In the attachment you can see that an uncorrected Moteino drifts more than 14,000 Hz over -5C to 60C degrees. With compensation less than 488Hz, usually within +/-122Hz. Blue is uncorrected measurement data, Black is the error equation(curve fit), and Red is the corrected measurement results
void loop() {
float x = getTemp();//a call to the usual getTemp function
float adjFreq = ((123*x^3)+(123*x^2)+(123*x)+123); //our polynomial function
float newFreq = (433 - adjFreq);//Being 433 the expected frequency of 433 Mhz
RFM69::setFrequency(newFreq);
Serial.print(temp); Serial.print (" - "); Serial.println(adjFreq);
delay(100);
}
So I just use the same function for the 433Mhz radio?
And subtract the error from 433 to scale it to 433.
It is worth thinking about where the self heating comes from. In Rx, for the radio module die, it is mostly gate switching losses + some leakage from 'off' gates. The important internal clocks are derived from the crystal, so essentially constant frequency; the leakage is negligible at room temp and rises exponentially. You could get a good estimate of this by measuring the module current drain - with a constant Vdd, the "smoothed" mA from a DVM reading x Vdd is the mW almost all dissipated as heat when in idle or Rx state.

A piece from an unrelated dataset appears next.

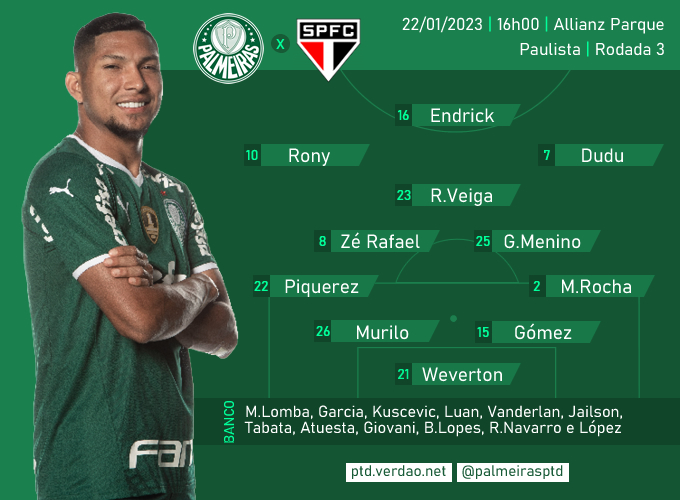 Palmeiras: Weverton; Marcos Rocha, Gómez, Murilo e Piquerez; Gabriel Menino, Zé Rafael e Raphael Veiga; Dudu, Rony e Endrick

The crystal self-heating is somewhat different. It is basically the mechanical losses of the crystal slice as it changes shape at the fundamental oscillating frequency. The driving circuit aims for a loop gain of -1, just enough to sustain a constant level of vibration. This however would take forever to build up from zero, so the drivers tend to overdrive the crystal to reduce starting time. On some RF modules this overdrive level is adjustable, but AFIAK, there is no programmatic way to do that on the RFM69 family. Just to complicate the issue, the gain of the op amps in the driver circuit are also die temperature dependent. You can expect the amount of crystal self heating to vary over the temperature band, curve shape unknown.
If I understand your aim well (correct the temperature offset of the crystal by estimating the die temperature rather than the crystal temperature) the Achilles heel is the loose coupling between the two temperatures. There are boundary conditions where the error is small - e.g. with both crystal off and the radio module sleeping, the temperatures will drift down at different rates to ambient.
what leakage?
it’s easy to calculate dissipated power, but quite difficult to turn it to temperature for RFM69 module.